Three lines are given by
$\overrightarrow{r}=\lambda \hat{i},\lambda \in R$
$\overrightarrow{r}=\mu (\hat{i}+\hat{j}),\mu \in R$
$\overrightarrow{r}=\nu (\hat{i}+\hat{j}+\hat{k})\nu \in R.$
Let the lines cut the plane $x+y+z=1$ at the points $A,B\text{and}C$ respectively.
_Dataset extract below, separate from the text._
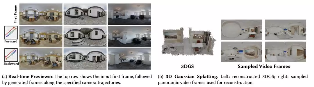 在效率方面,作者基于self-forcing机制,将完整模型蒸馏为一个轻量级的自回归预览模型,实现了接近实时的视频生成。这个轻量模型在保持整体场景结构的同时,能在约7秒内生成81帧全景视频,相比原始模型速度大幅提升,为交互式应用打开了大门。同时,框架还支持先生成低分辨率视频,再通过细化模块提升至高分辨率(如720p)的灵活工作流。
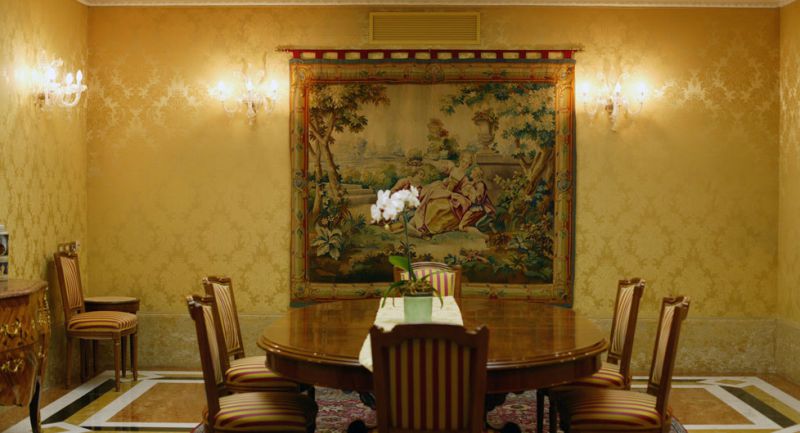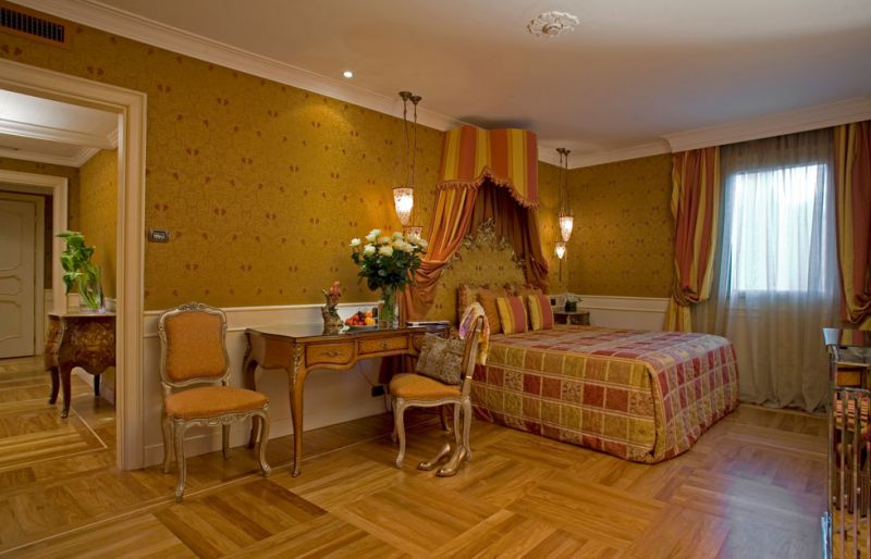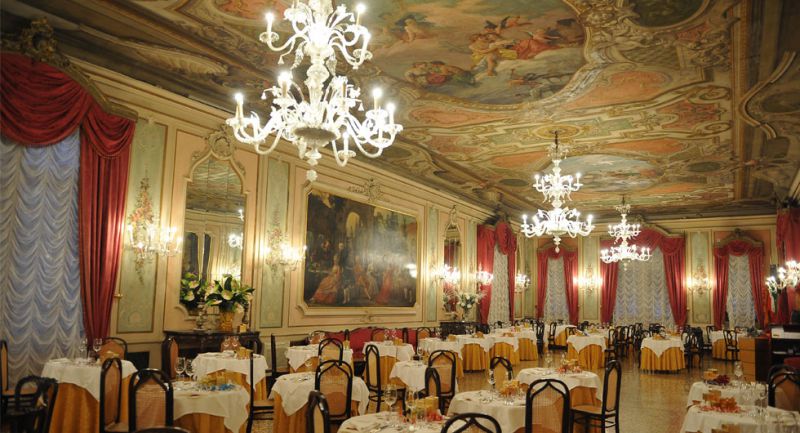 Здание отеля, известное с XVI в. как резиденция рыцарского ордена Тамплиеров, в XVIII в. было украшено фресками художников знаменитой школы Жана Батиста Тьеполо. В 1992 г. в результате реставрации отеля были восстановлены как первоначальный вид здания, так и интерьеры со старинной мебелью, муранским стеклом и дорогими тканями.

If the area of the triangle $ABC$ is $△$ then the value of$(6△{)}^2$ equals

Answer 1

First Line: $\overrightarrow{r}=\lambda \hat{i},\Rightarrow x_1=\lambda ,y_1=0,z_1=0$
Second Line: $\overrightarrow{r}=\mu (\hat{i}+\hat{j}),\Rightarrow x_2=\mu ,y_2=\mu ,z_2=0$
Third Line: $\overrightarrow{r}=\nu (\hat{i}+\hat{j}+\hat{k}),\Rightarrow x_3=\nu ,y_3=\nu ,z_3=\nu$
Given that lines cuts the plane $x+y+z=1$
So, first line cuts the plane at point $\lambda +0+0=1\Rightarrow \lambda =1$ so point $A=(1,0,0)$
Similarly second line cuts the plane at point $\mu +\mu +0=1\Rightarrow 2\mu =1$ so point $B=(\frac{1}{2},\frac{1}{2},0)$
and third line cuts the plane at point $\nu +\nu +\nu =1\Rightarrow 3\nu =1$ so point $C=(\frac{1}{3},\frac{1}{3},\frac{1}{3})$
$\therefore$ Area of triangle, $△=\frac{1}{2}|\overrightarrow{AB}\times \overrightarrow{AC}|$ where,
$\overrightarrow{AB}=[(\frac{1}{2}-1)\hat{i}+\frac{1}{2}\hat{j}+0\hat{k})=-\frac{1}{2}\hat{i}+\frac{1}{2}\hat{j}]$
$\overrightarrow{AC}=[(\frac{1}{3}-1)\hat{i}+\frac{1}{3}\hat{j}+\frac{1}{3}\hat{k})=-\frac{2}{3}\hat{i}+\frac{1}{3}\hat{j}+\frac{1}{3}\hat{k}]$
So, $△=\frac{1}{2}\left|\begin{array}{ccc}\hat{i}& \hat{j}& \hat{k}\\ -\frac{1}{2}& \frac{1}{2}& 0\\ -\frac{2}{3}& \frac{1}{3}& \frac{1}{3}\end{array}\right|$
$=\frac{1}{2}|\frac{1}{6}\hat{i}-(-\frac{1}{6})\hat{j}+(-\frac{1}{6}+\frac{2}{6})\hat{k}|$
$=\frac{1}{2}|\frac{1}{6}\hat{i}+\frac{1}{6}\hat{j}+\frac{1}{6})\hat{k}|$
$=\sqrt{(\frac{1}{6}{)}^2+(\frac{1}{6}{)}^2+(\frac{1}{6}{)}^2}=\frac{\sqrt{3}}{12}$
$\therefore (6△{)}^2={(6\times \frac{\sqrt{3}}{12})}^2=\frac{3}{4}=0.75$